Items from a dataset
········
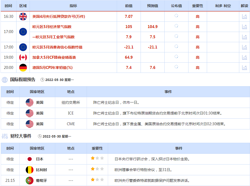 周一(5月30日)亚市盘初,现货黄金窄幅震荡于1850关口附近,虽然美元相对疲软,给金价提供支撑,但美国股市持续反弹,打压黄金的避险需求。标普500指数上周大涨近7%,预计周一亚欧股市会跟随涨势,金价的短线下行压力有所增加,原油市场,美国恰逢阵亡将士纪念日,出行增多,亚洲疫情也有所缓解,需求前景改善,再加上股市上涨,欧盟仍在推进禁止进口俄罗斯原油,油价周一小幅冲高,创逾一周新高至115.60美元/桶,本周偏向震荡上线,目前美原油交投于115.42美元/桶附近,后市有望震荡试探120关口附近阻力。
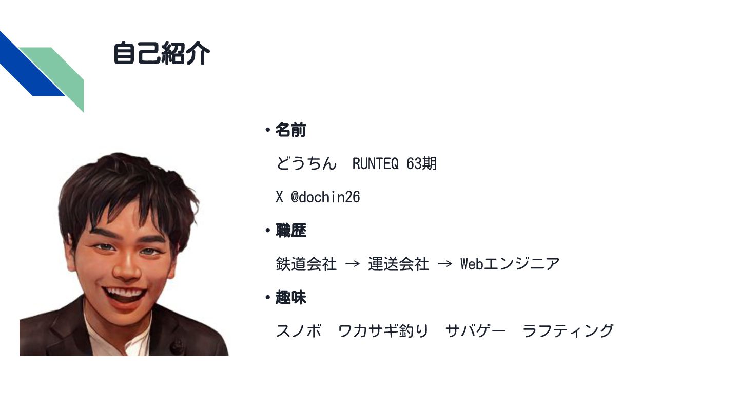 自己紹介 ・名前 どうちん RUNTEQ 63期 X @dochin26 ・職歴 鉄道会社 → 運送会社
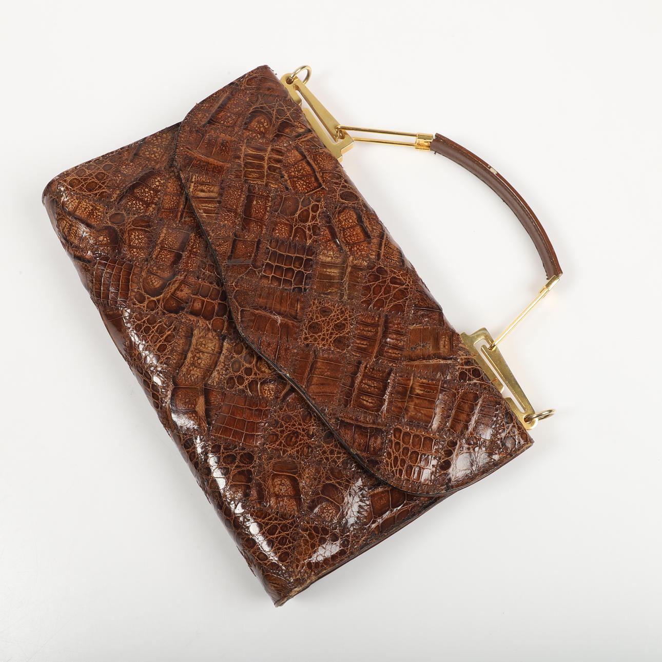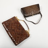 1 håndtaske, kunstigt krokodilleskind med lommespejl i rum, ca. 13 x 23 cm, dybde ca. 6 cm. 1 håndtaske, evt. Bon Gout, ca. 17 x 28, dybde ca. 5 cm.
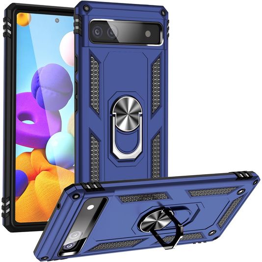 Mobigear Armor Ring Coque Google Pixel 6a Coque arrière Rigide Anti-Chocs avec Anneau-Support - Bleu
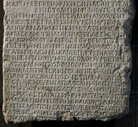 τὸ ψήφισμα ὑμῶν ἀπέδοσάν μοι οἱ ∙ πρέσβε[ις Καλλίστρατος] / Δημητρίου καὶ Μειδίας Ἀρτεμιδώρου. ἠξιο[ῦτε δὲ διὰ τοῦ ψη]/φίσματος παραπεμφθῆναι τὴν εὐχαριστο[ῦσαν τῷ τειμιωτάτῳ] / ἡμῶν Σαβείνῳ πρεσβείαν, ὃ καὶ δι’ αὐτὸν μόν[ον τὸν Σαβεῖνον ἀ]/σμένως ἂν ἐποίησα· ἠξιοῦτε δὲ καὶ τὰ τῆς Πεύ[κης ὑμεῖν ἄθραυσ]/τα τηρεῖν δίκαια· ἐγὼ δὲ τοσοῦτον ἀπέχ[ω τοῦ θραῦσαί τι τῶν ἐκ] / χρόνου φυλασσομέν[ων] ὑμεῖν [δικαίων, ὡς καὶ παρευρεῖν ἂν ἡδέ]/[ως] δι’ ὧν ἐ<νέ>σται κοσμεῖν ἀρχέαν πόλιν καὶ Ἑλληνίδ[α καὶ ἐς τὸν Σεβα]/[στ]ὸν εὐσεβῆ καὶ πρὸς ἡμᾶς αὐτοὺς οὖσαν εὐ[σεβῆ]./ ἐπιστολὴ Τουλλίου / Γεμίνου / [Τούλ]λιος Γέμινος πρεσβευτὴς καὶ ἀντιστρά<τη>γος [Τιβ(ερίου) Κλαυδί]/[ου] Καίσαρος Σεβ(αστοῦ) Γερμανικοῦ Ἰστριανῶν ἄρχουσ[ιν βουλῇ δήμῳ] / χαίρειν. οἱ πρέσβεις ὑμῶν Δημήτριος, Ἐσχρίων, Ωτα․․․, [Μειδίας] / Διονυσόδωρος, Ἡγησαγόρας, Ἀρισταγόρας, [Μητρόδωρος ἐν]/τυχόντες μοι ἐν Τόμει τὸ ψήφισμα ὑμῶν ἐπέδοσαν κα[ὶ τὴν εἰς τὸν Σεβασ]/τὸν ἡμῶν ἐπιδειξάμενοι εὔνοιαν συνήσθησαν ἐ[πὶ τῇ ἡμετέρᾳ ὑγεί]/ᾳ καὶ παρουσίᾳ σπουδεοτάτην <π>οιησάμενοι τ[ὴν περὶ ὧν ἐνετείλασ]/θε αὐτοῖς ὁμειλίαν· ἐπιγνοὺς οὖν ἣν καὶ πρὸς [ἡμᾶς ἐνεφάνισαν τῆς]πόλεως ὑμῶν διάθεσιν πειράσομαι ἀεί τινος ὑ[μεῖν ἀγαθοῦ] / γενέσθαι παραίτιος. περὶ δὲ Πεύκης καὶ τῶν στομ[άτων διδαχθε]/ὶς ὑπὸ τῶν πρέσβεων ὑμῶν ἐδικαίωσα τηρῖσθαι ὑμ[εῖν τὰ τῶν προ]/γόνων ὑμῶν ὅρια exemplum [decreti] / Ma<n>i Laberi Maximi leg(ati) Aug(usti) pr(o) pr(aetore) / [I]mp(eratore) Caesar<e> Traiano Aug(usto) German[ico III Iulio Fron]/tino III co(n)s(ulibus) VIII ka(lendas) Novembres [descriptum] / et recognitum factum ex comm(entariis) M[ani Laberi] / Maximi leg(ati) Aug(usti) pr(o) pr(aetore) permitte[nte ․․․] / Fabio Pompeiano. quae iam era<nt> scri[pta] / Charagonio Phi<l>o<p>alaestro con[ductori publici por]/
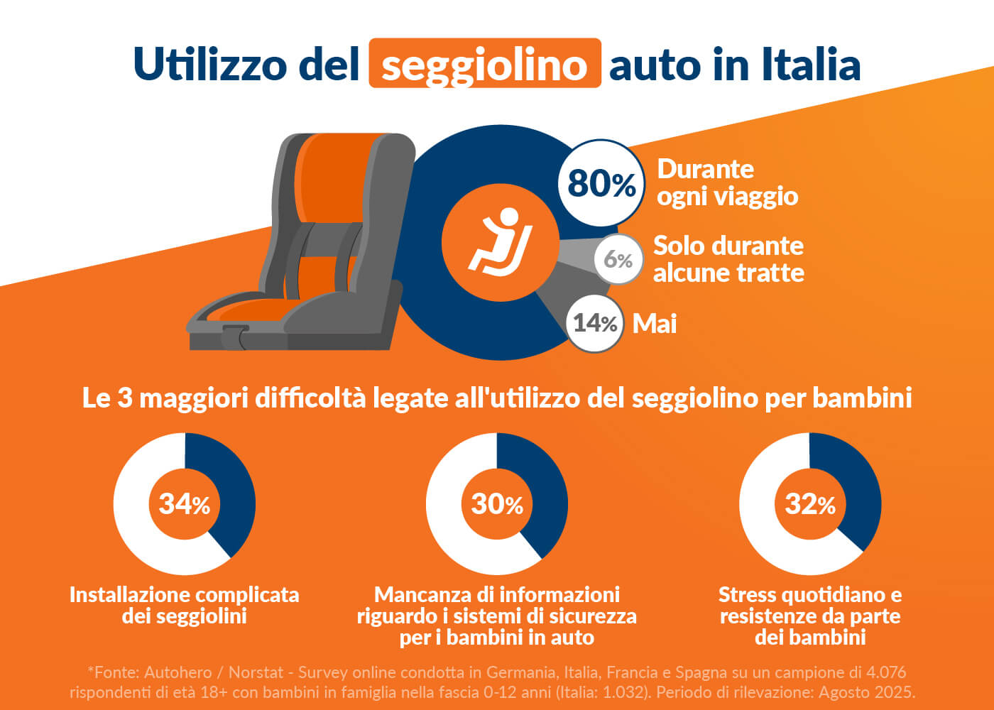 - Fonte: Autohero / Norstat - Survey online condotta in Germania, Italia, Francia e Spagna su un campione di 4.076 rispondenti di età 18+ con bambini in famiglia nella fascia 0-12 anni (Italia: 1.032). Periodo di rilevazione: Agosto 2025. ↩
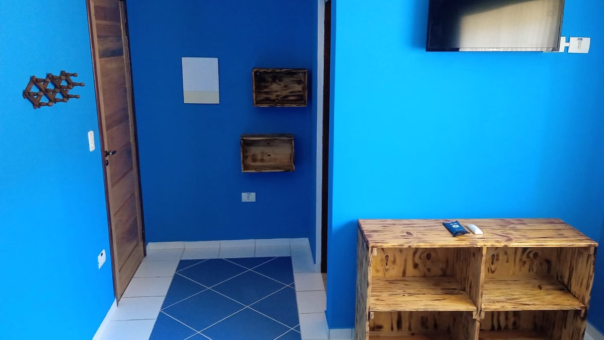 Um quarto especial com uma cama de casal, decorado com a arte da Aly, mesinha, banheiro, roupa de cama e banho, TV, ventilador de teto e guarda roupa. Aqui é a CasAtelier da artista humanista Aly da Costa!!! É um espaço dedicado ao descanso e ao lazer das pessoas que valorizam a simplicidade, sem abrir mão do conforto e o contato direto com a natureza. Chamamos de o "Pedacinho do Paraíso", um local de vivenciar a harmonia entre o ambiente e o ser. Venha compartilhar conosco essa experiência.
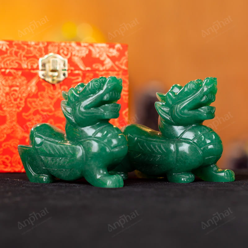 Ảnh cận cảnh Cặp Tỳ Hưu Thạch Anh Xanh
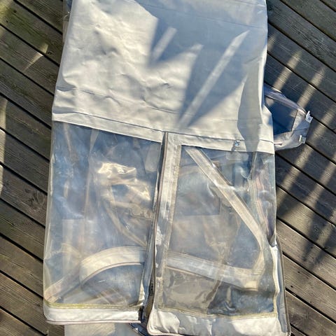 Uudenveroinen peräkuomu Buster LX -16 veneeseen. Mukana kuomukangas, kaaret ja suojapussi. Ei sis. oviverhoa.
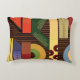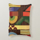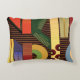 Travesseiro decorativo de ênfase em perspectiva. Perspectiva é um desenho abstrato criado por Vexenwraith e consiste em formas multicoloridas sobre um fundo marrom.
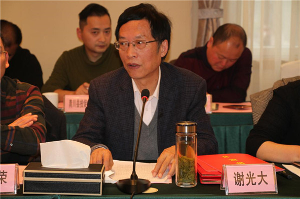 (图为:原四川省工商联副主席、省人民政府参事室特约参事研究员、广元市政府委托招商顾问谢光大做交流发言)
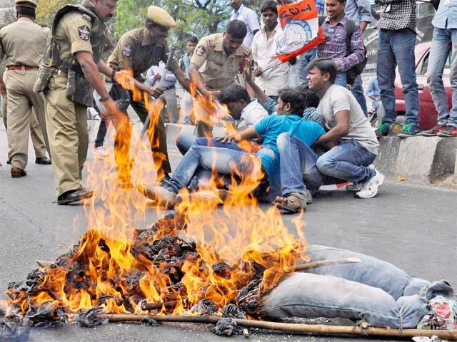 معترضان به دولت در حیدراباد ادمک ساختگی! را به نشانه اعتراض و خشم خود به اتش کشیده اند پلیس نیز درصدد دستگیری معترضین است
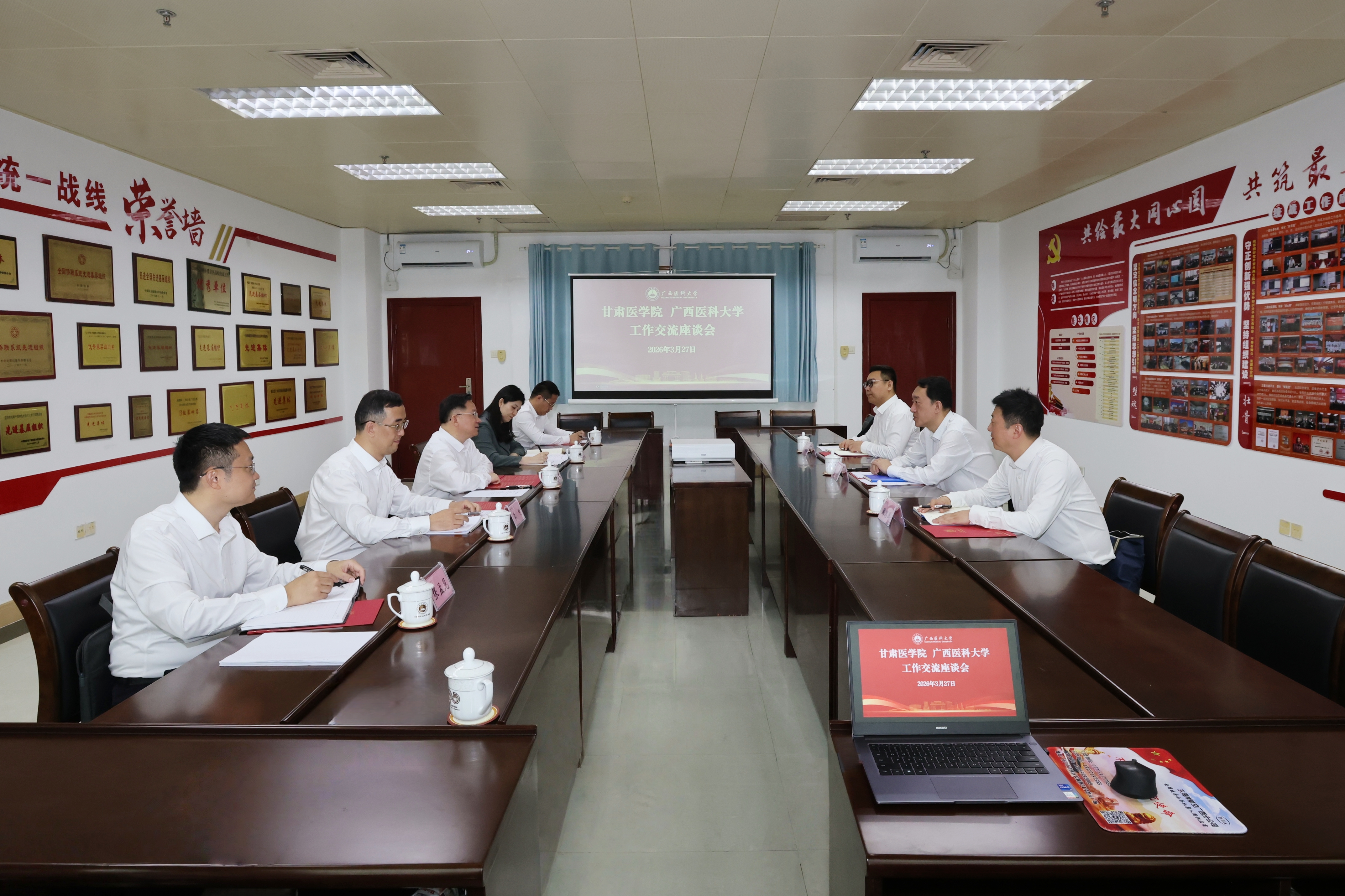 3月27日上午,甘肃医学院党委副书记李岳一行到我校调研交流。座谈会在校本部综合楼703会议室举行,由副校长卢德成主持。双方相关职能部门负责同志参加座谈。
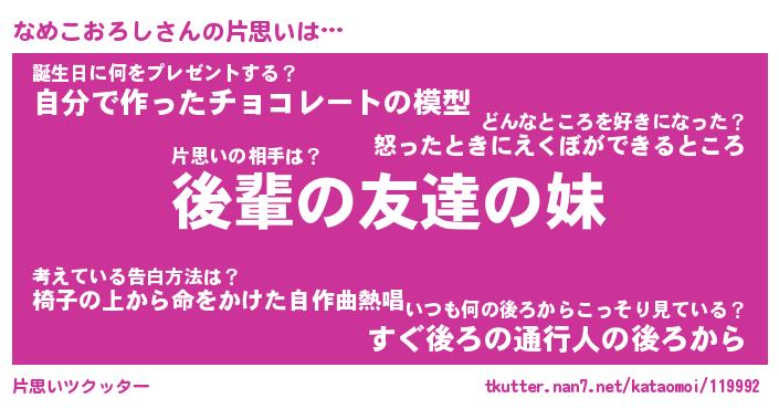 | ヘコむあだ名 | 『なめもー』『つくし』『なめを』 |
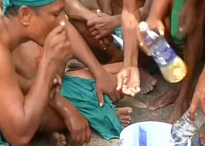 * Tamil Nadu farmers drink urine protesting over drought relief funds and waiver of farmers’ loans at Delhi’s Jantar Mantar.
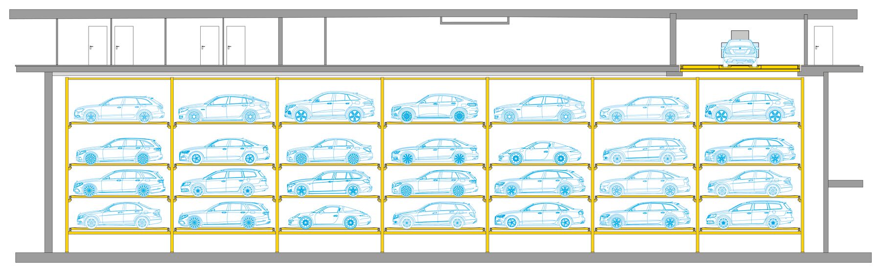 - 4 piani di parcheggio con 7 posti auto ciascuno
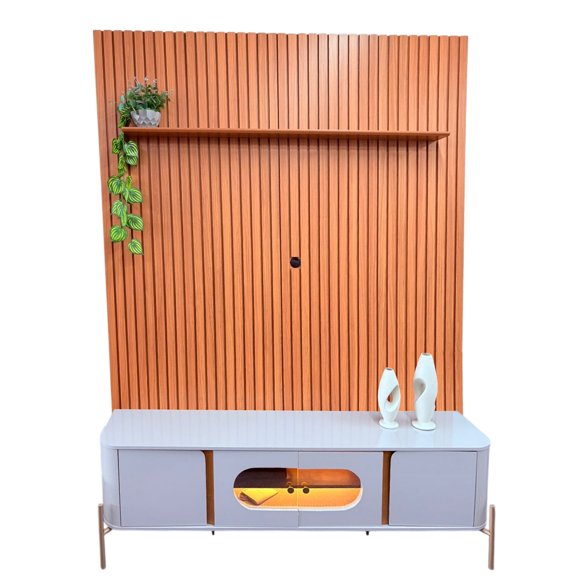 Painel até 75″ Arbo 1.9 Cedro + Rack Juquehy Off White/Naturale – EDN MÓVEIS + BECHARA
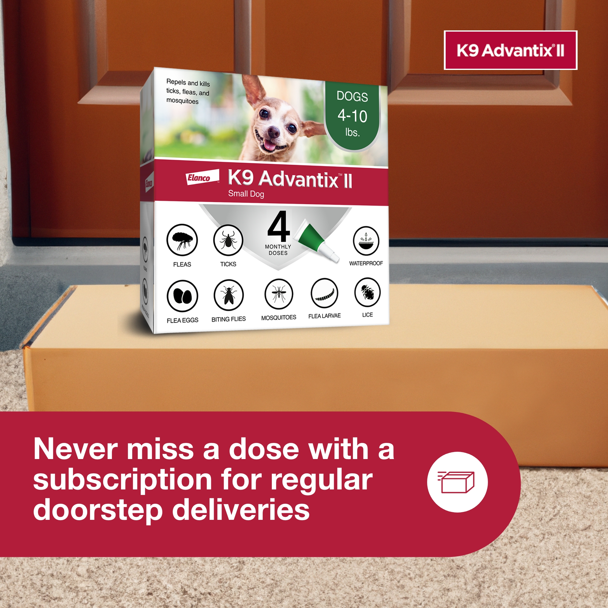 Elanco Item # 86315106 Product Title K9 Advantix II Small Dog Vet-Recommended Flea, Tick & Mosquito Treatment & Prevention | Dogs 4-10 lbs. | 4-Mo Supply Product Class OTC Each - UPC 00724089203489 Brand K9 Advantix II Item Name K9 Advantix II Small 4-ct Country of Origin Germany Long Description K9 Advantix II Small Dog is the veterinarian-recommended formula that helps defend your dog against five pests: fleas, ticks, mosquitoes, biting flies and lice. And unlike other treatments, K9 Advantix II kills and repels fleas, ticks and mosquitoes. K9 Advantix II topical treatment gets straight to work killing fleas on dogs within 12 hours of initial application. This formula stops existing flea infestations and prevents new ones by killing adult fleas on contact so they can’t lay eggs and they don’t have to bite your dog to die. Fleas, ticks, mosquitoes and other pests not only cause discomfort; they may also transmit disease. Monthly use of K9 Advantix II is important to protect your dog against fleas that may cause transmission of tapeworms. This formula also kills fleas which may cause Flea Allergy Dermatitis and flea bite anemia. That’s why K9 Advantix II Small Dog topical, spot-on formula makes application simple - going on in seconds. It's easier than a flea collar and there are no hard-to-swallow pills. You’ll also love that K9 Advantix II is fragrance-free and waterproof after 24 hours of application. Check the product label for information on application and potential side effects. K9 Advantix II pest protection is effective on both indoor and outdoor dogs. Your dog should be at least 7 weeks old and weigh 4-10 lbs. to use K9 Advantix II Small Dog. For the ultimate convenience in care, K9 Advantix II is available over the counter – no prescription needed. And, you can stock up with 2-dose, 4-dose and 6-dose packs so you never miss a monthly treatment. Once K9 Advantix II is applied, your dog is ready to get right back to big-pup cuddles and racing around the park. K9 Advantix II Small Dog is a trademark of Elanco or its affiliates. Medium Description K9 Advantix II helps defend your dog against fleas, ticks, mosquitoes, biting flies, and lice. Simpler than a flea collar and troublesome pills, this vet-recommended topical formula works within 12 hours of initial application, killing adult fleas on contact to stop existing flea infestations and prevent new ones. Once K9 Advantix II is applied, your dog is ready to get right back to the things it loves most. K9 Advantix II pest protection is effective on both indoor and outdoor dogs. Your dog should be at least 7 weeks old and weigh 4-10 lbs. to use K9 Advantix II Small Dog. K9 Advantix II Small Dog is a trademark of Elanco or its affiliates. Short Description K9 Advantix II Small Dog topical 5-pest treatment & prevention kills & repels fleas, ticks & more on dogs 4-10 lbs. Key Bullet 1 K9 Advantix II Small Dog 30-day treatment & prevention protects dogs 4-10 lbs. from fleas, ticks, mosquitoes, biting flies and lice Key Bullet 2 Kills fleas within 12 hours of application Key Bullet 3 Vet-recommended formula kills & repels on contact so fleas don’t have to bite your dog to die Key Bullet 4 Easy-to-apply topical treatment is fragrance-free and waterproof after 24 hours Key Bullet 5 No prescription needed Species Dog Directions for Use Use only on dogs. DO NOT USE ON CATS or other animals. Do not apply to dogs weighing less than 4 lbs. Remove applicator tube from the package. Use scissors and peel down foil. Hold applicator tube in an upright position. Pull cap off tube. Turn cap around and place other end of cap back on tube. Twist cap to break seal, then remove cap from tube. The dog should be standing for easy application. Evenly apply entire contents of the tube along the top of the dog's back, from the shoulder down to the base of the tail. The number of spots depends on the size and weight of your dog (please refer to the product label). At each spot, part the hair until skin is visible. Place the tip of the tube on the skin and gently squeeze to expel a portion of the solution on the skin. Do not apply an excessive amount of solution at any one spot that could cause some of the solution to run off the side of the dog. Do not get this product in your dog’s eyes, or allow your dog to ingest this product. Storage Instructions Store in a cool, dry place inaccessible to children and pets. Protect from freezing. Active Ingredients Imidacloprid, Permethrin, Pyriproxyfen Product Form Topical Pet Size Small Pet Lifestage 7 weeks and older Pet Weight 4-10 lbs Product Label URL https://www.elancolabels.com/us/k9-advantix-dog-all-sizes Clamshelled Version? No Each - Package Type Box Dimensions UoM in Weight UoM lb Each - Height 4.75 Each - Length 4.375 Each - Width 1.375 Each - Weight 0.1 Inner Case - Qty 6 Master Case - Qty 108 Master Case - UPC/GTIN 10724089151060 Master Case - Height 18.5 Master Case - Length 15.3125 Master Case - Width 14.25 Master Case - Weight 13.15 Inner Packs Per Master 18 Pallet - Number of layers 2 Pallet Height (including pallet) 43.8125 Unit Count 4 Unit Count Type Count Pack Count 4 Prop 65 Warning Required? No State Registration Reqd? Yes CA EPA Reg # 11556-141-ZA EPA Reg # 11556-141
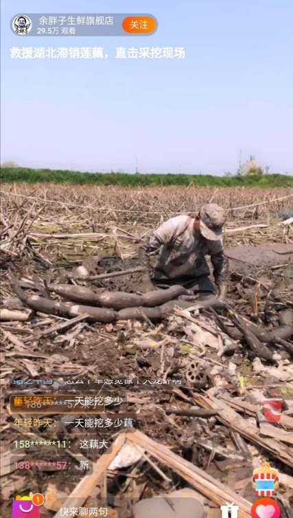 除了湖北的縣長、市長外,普通的湖北商戶不甘落后。8日上午,荊州洪湖的陽光明媚,“余胖子生鮮旗艦店”的店主便打開手機(jī)接通了直播,樸實(shí)的農(nóng)民性格讓他面對(duì)鏡頭一時(shí)不知該說什么好,簡單問好后,他就轉(zhuǎn)身下了塘,開始從厚重的泥土里拔出一根根新鮮的蓮藕。有不少00后網(wǎng)友是第一次見到挖藕的過程,他們發(fā)現(xiàn)原來潔白爽口的大藕居然是從泥中挖出來的,“挖藕真的太不容易了,一個(gè)上午要泡在塘泥里。”
········
• [Requirement] From the records above, copy only the lines running from the line containing "Ảnh cận cảnh Cặp Tỳ Hưu Thạch Anh Xanh" to the line containing "معترضان به دولت", both ends included. Leave the pictures out.

• [Expected answer]
 Ảnh cận cảnh Cặp Tỳ Hưu Thạch Anh Xanh
 Uudenveroinen peräkuomu Buster LX -16 veneeseen. Mukana kuomukangas, kaaret ja suojapussi. Ei sis. oviverhoa.
 Travesseiro decorativo de ênfase em perspectiva. Perspectiva é um desenho abstrato criado por Vexenwraith e consiste em formas multicoloridas sobre um fundo marrom.
 (图为:原四川省工商联副主席、省人民政府参事室特约参事研究员、广元市政府委托招商顾问谢光大做交流发言)
 معترضان به دولت در حیدراباد ادمک ساختگی! را به نشانه اعتراض و خشم خود به اتش کشیده اند پلیس نیز درصدد دستگیری معترضین است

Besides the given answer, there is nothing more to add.